As state legislators go forward with a hearing today on the AIG issues (you can view the hearing on CT-N, here), one of the recurring themes suggested in various newspapers articles and by state leaders is that there were lots of ways that the employer could have avoided paying these retention payments.


But suppose you were an employer that was going through financial difficulties arising from the subprime mess and decided to avoid paying some commissions to salespeople involved with these mortgages — even if just for a short while.  Under such circumstances, what would the State of Connecticut do then? Give you a free pass, particularly if those employees who got you into the mess may be the same employees to whom you owed wages?

Well, it turns out you don’t have to theorize about it .  There continues to be a case that I first reported on in September 2007 about an employer who failed to pay some commissions due to executives and salespeople, a company named Mortgage Lenders Network  

That case illustrates that, for much less money than was paid to the AIG employees, an employer could get into a heap of trouble. So much trouble, in fact, that the State might go beyond just requesting double damages for failure to pay wages, but might issue an arrest warrant to the company President for such a failure.

You remember that company, right? The company had built a nationwide presence by making subprime loans and was in the midst of building a big new headquarters in the state. But by late 2006, it was going through some financial difficulties as credit lines came to a halt and then it allegedly failed to pay some employees commissions — at least $1.6 million total. (These were, after all, the same employees, who participated in the company’s subprime lending practices.)

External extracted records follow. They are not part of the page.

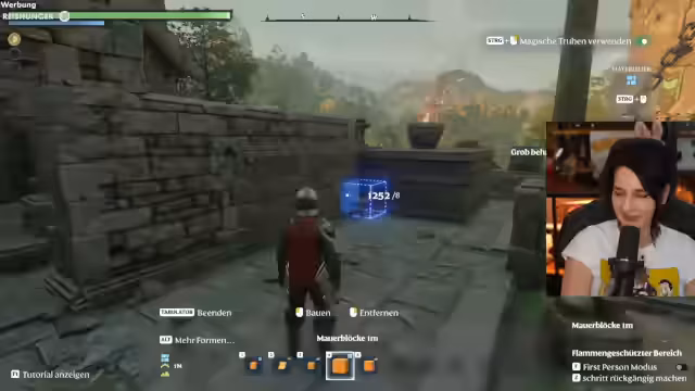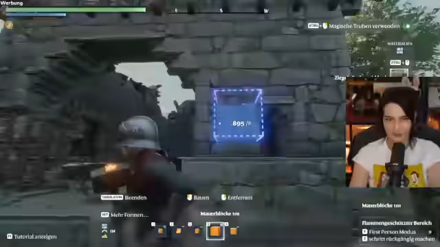 01:06:39Der Stream widmet sich dem Bau eines Gebäudes in einem Survival- und Aufbauspiel, das an Minecraft oder Velheim erinnert. Zuerst wird ein vorhandenes Gebäude gezeigt, dann mit dem Erweitern begonnen. Es wird über die Materialien wie Ziegel- und Fachwerkblöcke diskutiert und die Baupläne mehrmals geändert. Die Stimmung ist von der kreativen, aber auch von der überforderten Planungsphase geprägt.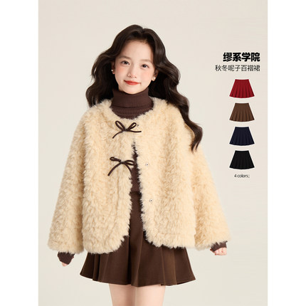 Amybaby女童裙子冬季2025新款潮流加厚呢子百搭百褶半身裙A字裙
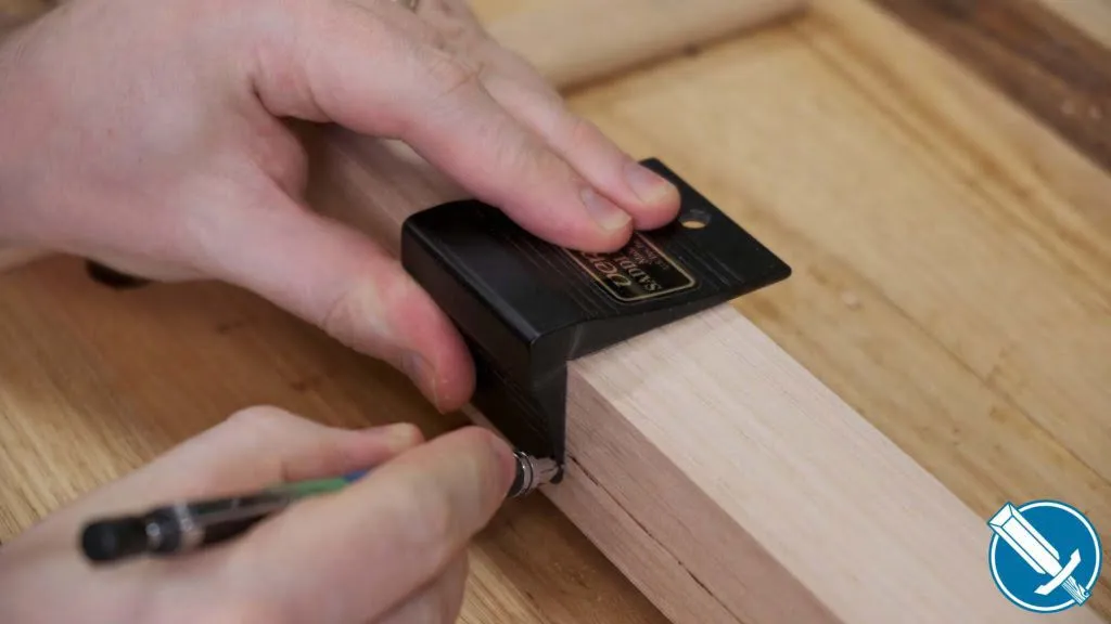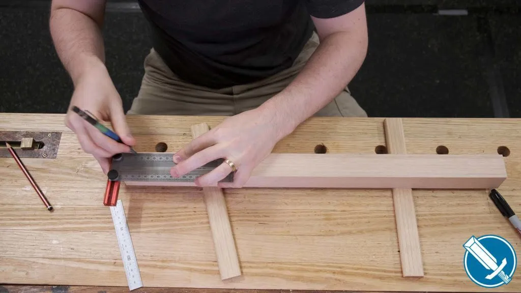 A saddle square, like this one from Veritas, makes transferring lines around corners for the mortises on each leg a real cinch.

Ultimately, MLN filed for bankruptcy.  What did the state do then? It had an investigator from the Department of Labor look into the situation and ultimately issued an arrest warrant for the Company’s president back in March 2007 for failure to pay wages and sales commissions on time. 

That arrest has been stayed and delayed for nearly two years as the MLN President has pursued various appeals and motions in the bankruptcy court and federal court in Delaware.  Recently, in January 2009, the District Court of Delaware denied latest Mr. Heffernan’s appeal; he has since filed appeal papers with the Third Circuit. 

In one of the motions filed by the State of Connecticut in December 2007, the State reiterated its strong stance against employers who fail to pay wages and commissions on time, even if the employer was going to pay the employees later because of financial difficulties: 

Under Connecticut law, any employer or any officer or agent of an employer or any other person authorized by an employer to pay wages who violates any provision of the Connecticut statutes governing the payment of wages may be fined not less than $2000.00 nor more than $5,000.00 or imprisoned not more than five years for each offense if the total amount of all unpaid wages owed to an employee is more than $2000.00. Conn. Gen. Stat. Sec. 31-71g(1)…Under Connecticut’s wage laws, it is no defense that the malfeasor later made restitution to the employees by paying the wages after they were due under state law. Under the law, late payment of wages incurs the same penalties as non-payment. 

A separate civil wage action was also announced by the state in a press release  back in February 2008. 

There is no doubt that the MLN and AIG cases are quite different and that using the MLN case as an analogy is not perfect. (The MLN case concerns sales commissions primarily, for example, while the AIG concerns retention or "stay" bonuses — which may or may not be "wages".)

But if the State was willing to go after an employer for failing to pay just $1.6M in wages and sales commissions, is it fair now to suggest to employers in Connecticut, like AIG, that they can now simply ignore obligations they make to their employees because they are going through financial difficulties and can’t really afford to pay them?

I look back on my September 2007 post about the MLN prosecution and can’t help but think of the irony of my last paragraph:

[T]he state’s continued pursuit of this employer demonstrates that failing to pay wages is one type of action that the state won’t tolerate. For employers in the state, its a good lesson and one that more employers would be wise to follow.